I don’t know about you, but the Broad finds that, come December, the crazy season is in full swing. Almost everyone you’ve had any contact with during the year seems to decide it’s imperative to have an and-of-year get together, work Christmas events abound and end-of-year deadlines speed up, while at home there’s present buying, family events and Christmas prep to ensure there’s not much let up. If your end of year doesn’t feel like, please tell me how yours is different?
This is the usual monthly wrap-up of suggestions on what to read, watch and listen to, but if you’re too busy to delve into it all, why not hold it over for January when you should hopefully have a little more summer downtime if you’re in Australia or winter bunkering downtime if you’re in the Northern Hemisphere.
A couple of notes from the week. The Nightingale won a bunch of AACTA awards this week, including Best Film and Best Direction. Here’s the Broad post on the film from earlier in the year. And the Broad came across this excellent website, Women and Hollywood, that, you guessed it, focuses on women’s participation in the film industry. I hope to include some snips of news and info in upcoming posts on films made by, for and featuring women.
What to read
The Shelf Life of Zora Cross by Cathy Perkins
Zora Cross was an Australian novelist, poet and journalist, but what’s remarkable about her writing, in the early years of the twentieth century, is that her sonnets were one of the first erotic expressions from a female point of view in Australian poetry, according to the Australian Dictionary of Biography. Celebrated for her stylistic prowess, Cross was acclaimed at the time and even considered likely to endure as a household name with the likes of Shakespeare. Sadly, as has been the case with many achievements and breakthroughs by women, she was largely forgotten – until now.

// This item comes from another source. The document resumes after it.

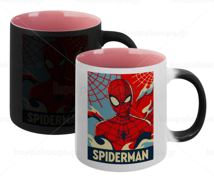 Spiderman kid, Κούπα Μαγική εσωτερικό ΡΟΖ, κεραμική 330ml που αλλάζει χρώμα με το ζεστό ρόφημα

The Shelf Life of Zora Cross by editor and writer Cathy Perkins, who came across her poetry collection, Songs of Love and Life, published in 1917, while working as an editor at the NSW State Library, resurrects her from historical obscurity. Cross is also considered an important Australian poet of the first world war and a novelist of colonial Queensland, and this biography retraces her life, with its hardships and joys, through her impressive body of work and her correspondence with nine separate people, significant relationships that each reveal a different side of Cross’ personality.
From Songs of Love and Life
0 love! 0 life ! I lie upon your breast,
I swoon with longing on your smiling mouth;’
0 poet-prince, my senses ache and pine.
Come, drink me as the living wine and best;
And, when your lips have languished to a drouth,
I’ll wet them, tingling, till they melt in mine
Mudlarking: Lost and Found on the River Thames by Lara Maiklem
Living near London in 2018, the Broad spent many days exploring the city with Mr Broad and the Broad Juniors, and this involved many walks along the Thames. Intrigued by the fossickers along the riverfront, the Broad discovered they were mudlarkers, people who devote their time to finding objects washed up on the riverbed and discovering their historical origins. And London being a city with such a long and complex history, their finds are almost always fascinating, occasionally macabre and often quite significant. Such was the Broad’s fascination with mudlarking she pitched and her published a small story in The Australian’s travel section on mudlarking tours for visitors to London.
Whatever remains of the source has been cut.